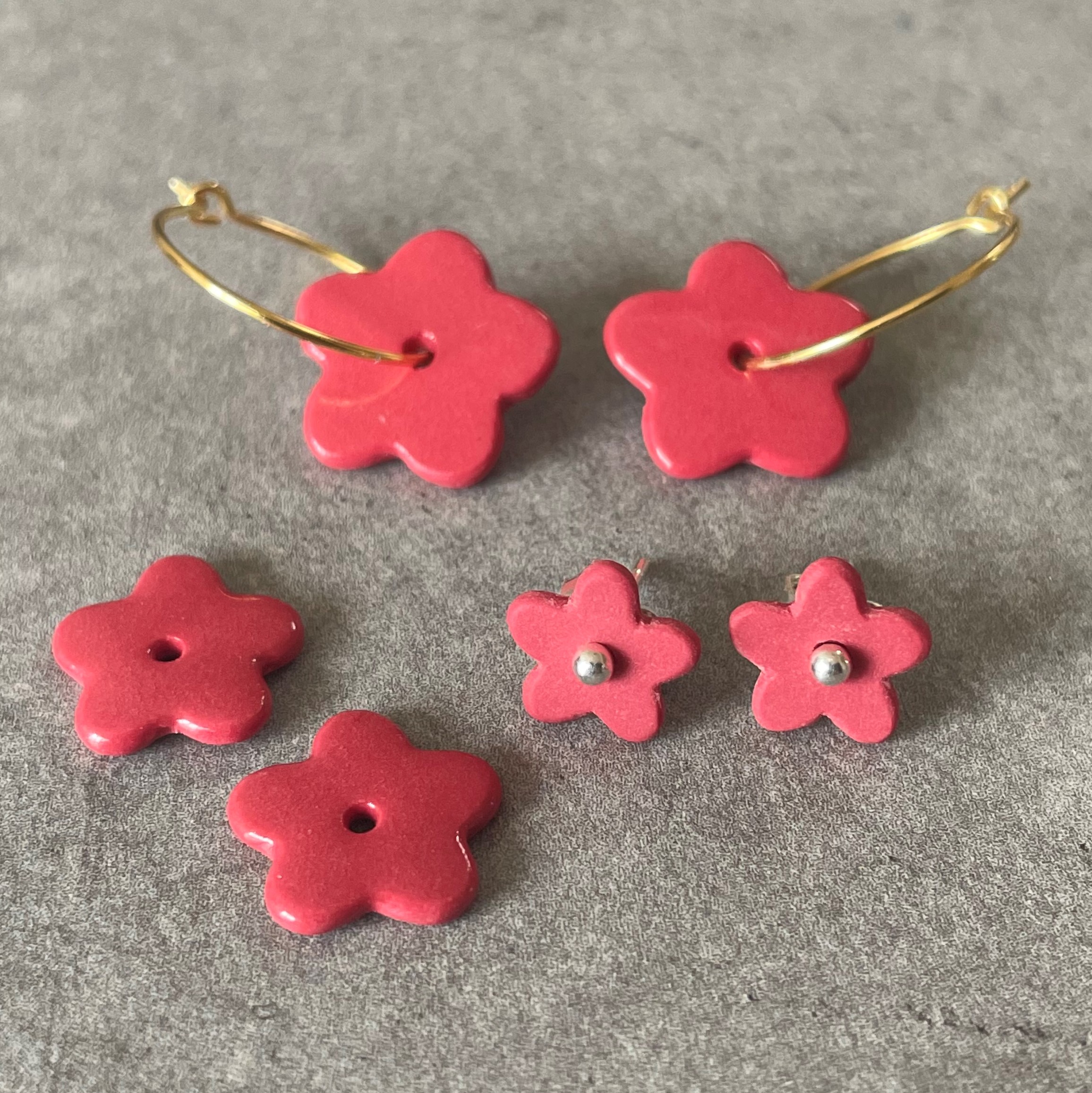 Perler til øreringe, rød (pris pr. sæt)
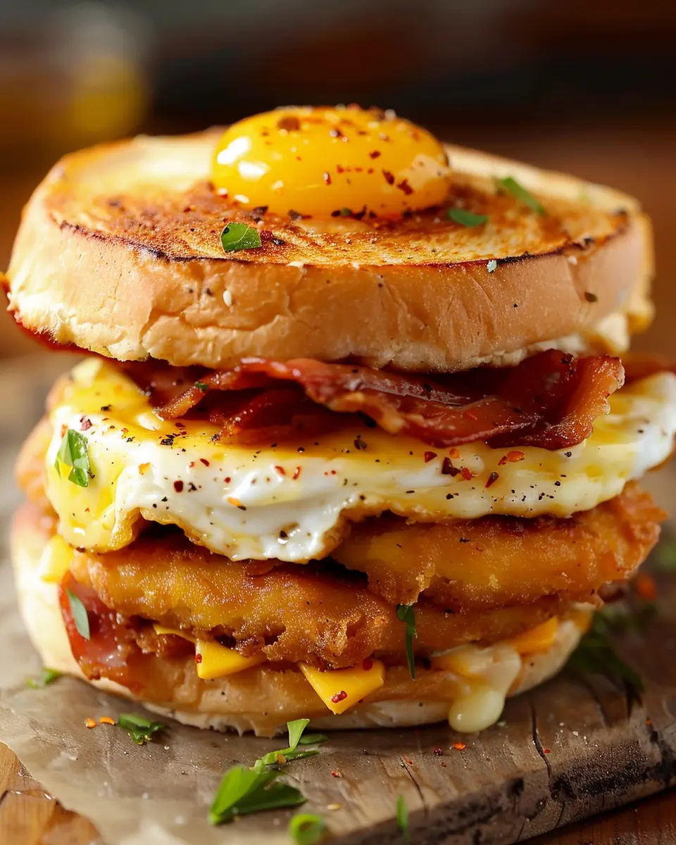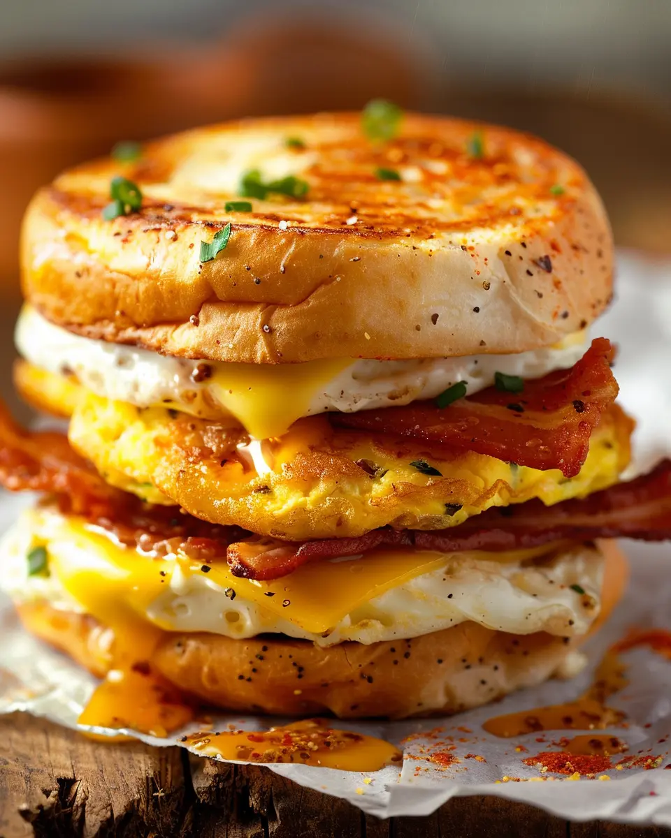 - Assemble the sandwiches by placing cheese, eggs, and bacon on each muffin half.
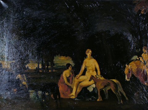 Olie på lærred, usigneret, ubekendt kunstner. Nøgne kvinder i landskab. Ca. 1900.
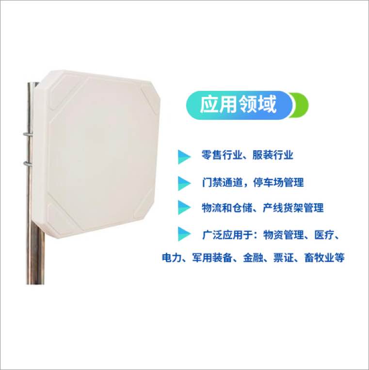 用于902-928MHz RFID射频识别系统(可定制欧标(865-868MHz)),天线与读写器分体,重量轻、体积小、低剖面、安装使用方便,应用范围广泛。适用于物流和仓储、产线货架管理、门禁通道、停车场管理、零售行业,服装行业、防伪管理、物资管理,医疗、电力、军用装备、金融、票证、畜牧业等。

# # # # # # #

__What the exercise asks__. Your output should be the lines from the line containing "Olie på lærred, usigneret, ubekendt" through the last line of the listing above, restated exactly, with no pictures among them.

__Solution to this exercise__.
 Olie på lærred, usigneret, ubekendt kunstner. Nøgne kvinder i landskab. Ca. 1900.
 用于902-928MHz RFID射频识别系统(可定制欧标(865-868MHz)),天线与读写器分体,重量轻、体积小、低剖面、安装使用方便,应用范围广泛。适用于物流和仓储、产线货架管理、门禁通道、停车场管理、零售行业,服装行业、防伪管理、物资管理,医疗、电力、军用装备、金融、票证、畜牧业等。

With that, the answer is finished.